Note:    Entry of orders is dealt with in Rule 39.32 of the Federal Court Rules 2011.

IN THE FEDERAL COURT OF AUSTRALIA

VICTORIA DISTRICT REGISTRY

GENERAL DIVISION

VID 483 of 2014 VID 484 of 2014 VID 485 of 2014 VID 486 of 2014

ON APPEAL FROM THE FEDERAL COURT OF AUSTRALIA

BETWEEN:

DAWN MAY ENDRESZ and others according to the schedule attached

Appellants

AND:

AUSTRALIAN SECURITIES AND INVESTMENTS COMMISSION

Respondent

JUDGES:

EDMONDS, GORDON AND BEACH JJ

DATE:

13 MARCH 2015

PLACE:

MELBOURNE

REASONS FOR JUDGMENT

THE COURT:

1    The appellants have appealed the judgment of Pagone J delivered on 29 July 2014 whereby his Honour made sequestration orders against the estates of the four appellants: Dawn May Endresz, Jozsef Endresz, William Arthur Forge and Allan Paul Endresz.

2    Allan Paul Endresz is the son of Dawn May Endresz and Jozsef Endresz. William Forge and Allan Endresz were business partners. The Official Trustee is the trustee of each estate.

3    The sequestration orders were made on four creditor’s petitions presented by the respondent, the Australian Securities and Investments Commission (ASIC), against each appellant on 21 February 2014. The petitions relied upon acts of bankruptcy founded upon non-compliance with bankruptcy notices issued on 23 December 2011 served on each appellant. The bankruptcy notices were founded on judgment debts which were in turn based on orders for costs made in favour of ASIC against each appellant in separate NSW proceedings.

4    The appellants appealed his Honour’s decision by notices of appeal filed on 19 August 2014 (subsequently amended on 23 October 2014 pursuant to leave granted).

5    On the hearing of the appeals, which took place on 9 February 2015, we gave leave for Allan Endresz to represent his parents in relation to their appeals.
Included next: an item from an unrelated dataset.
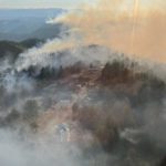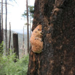 And at the bottom, a trail junction and saddle where some tall ponderosas had survived the 2013 fire, this year’s fire had burned hot. The tree holding the trail signs had been torched – its charred trunk lay on the ground, and the trail signs had apparently burned to ashes. I’d often stopped at this saddle for a shaded lunch or a few minutes’ rest, but it was a bleak place now.

William Forge appeared for himself. On 19 February 2015, we announced our decision on the appeals and indicated that we would publish our reasons later.

6    In summary, we determined that the hearing of the creditor’s petitions should have been adjourned by his Honour pending the final determination of separate but related proceedings in the Supreme Court of the Australian Capital Territory (including any appeal).

7    Accordingly, we ordered that the sequestration orders be set aside. We further ordered that the further hearing of ASIC’s creditor’s petitions be adjourned sine die, subject to undertakings given by each appellant to prosecute any appeal with due expedition in relation to the ACT proceeding. Those undertakings were given to the Court on 19 February 2015. We also extended the expiration of the creditor’s petitions to 20 February 2016 pursuant to s 52(5) of the Bankruptcy Act 1966 (Cth) (the Act). The matter was otherwise stood over pending the publication of these reasons, including on the issue of costs.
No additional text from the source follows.